It’s closing in on that time of year when so many different graduations are on the horizon. We happily attend the ceremonies and then join family and friends to honor our graduate, appreciating these social rituals that mark special milestones in life.
Whether it’s a graduation ceremony and party, a wedding, family reunion, or a funeral and a wake, rituals deeply connect us to ourselves and each other. These long established practices are meaningful, emotionally fulfilling, and richly satisfying.
Interestingly, when we pause and consider our daily routines, we often discover another set of social rituals that are smaller, sometimes even tiny, and yet no less important to our over-all well being.

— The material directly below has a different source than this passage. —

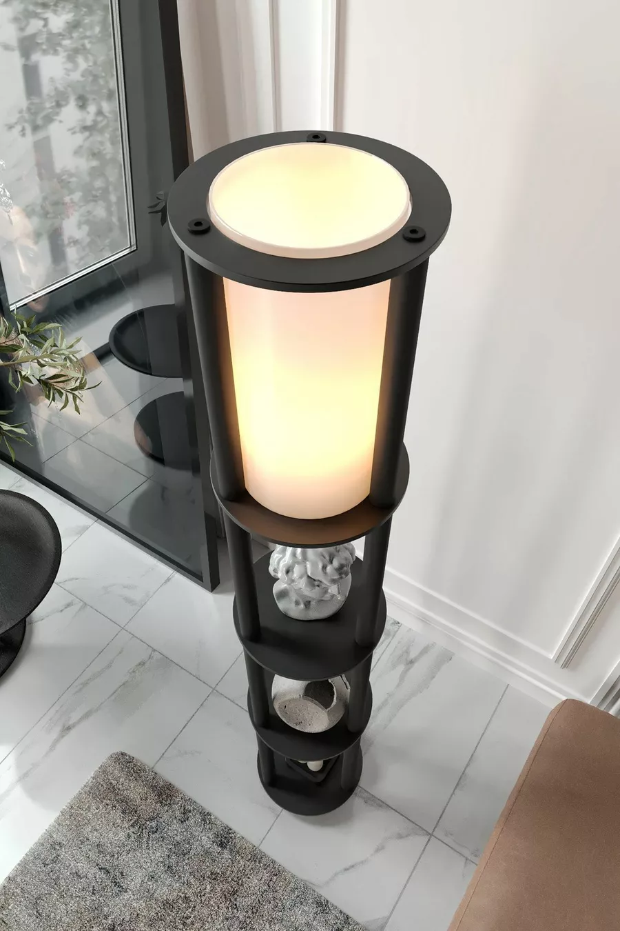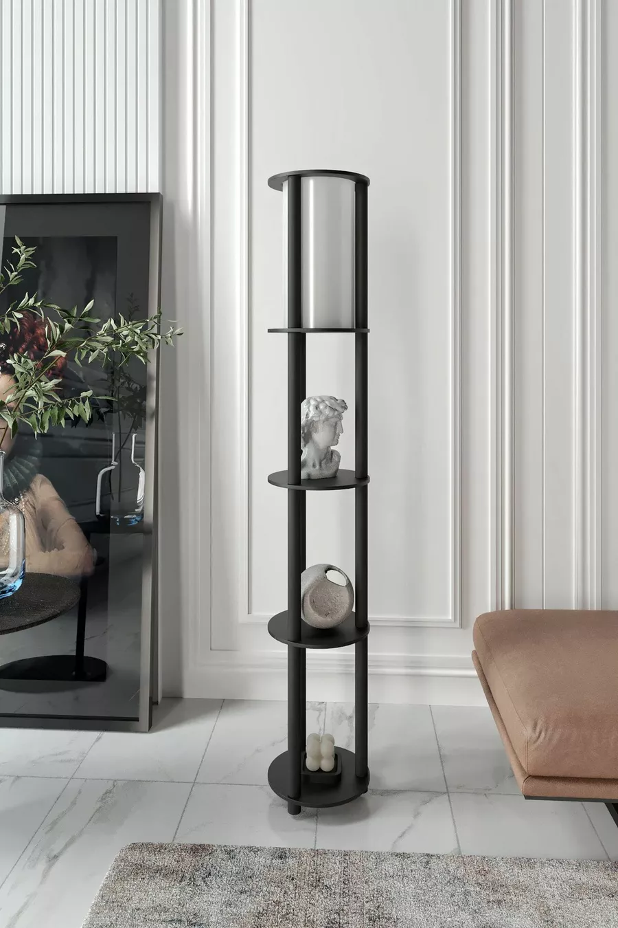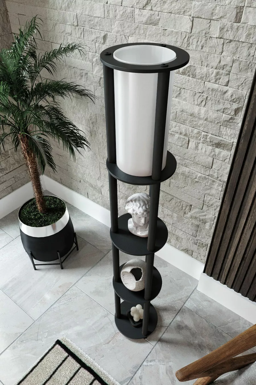 Модел: С твиърд крак Цвят: Черен Материал: Дърво Брой крушки: 1 Тип фасонка: E27 Височина от пода: 101-150 см Характеристика: С рафт
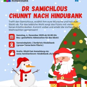 Am 06.12. ist es wieder so weit – der Samichlaus kommt! 🎅 Der Samichlous kommt nach Hindelbank! 🌟 Dieses Jahr besucht uns der Samichlous auf dem Dorfplatz vor der Gemeinde, bei der grossen Tanne – ein besonderer Moment für Gross und Klein! Lasst euch überraschen und vergesst euer Versli nicht – denn nur wer eines […]

For example, it was only after my dear old faithful dog died last fall that I recognized the importance of our morning ritual, just me, my first cup of coffee, and Bella curled up on my feet. It was the perfect way to start my day. Or how every time our children drive away from our home after yet another wonderful visit, we all lovingly wave the sign language symbol for ‘I love you’ until they disappear around the first green bend in the road. Weekly coffee with friends at my favorite coffee shop is another social ritual I enjoy, as are those first spring visits to the nursery when the yard is coming back to life and the future looks bright. And singing! Ah, now there’s another weekly social ritual I love.
Just like larger, more significant rituals, these small, daily moments in our lives give us a sense of predictability, purpose, and stability. They define us and make us feel part of a larger community. Rituals enrich our lives and improve our mood,
But these days? There’s nothing like sheltering-in-place to land a great blow squarely on the head of so many beloved social rituals. This loss of enjoyable, predictable activities is taking a toll on so many.
Here’s a question for you, take a moment and identify what you are missing the most while quarantined? Is it the spiritual connection with your church community? Perhaps it’s simply chatting with your favorite checker at the grocery store? Who misses going to their choir rehearsals? Maybe it’s your monthly book club or weekly walk with your friend of many years? Who’s missing their grandchild’s Little League games?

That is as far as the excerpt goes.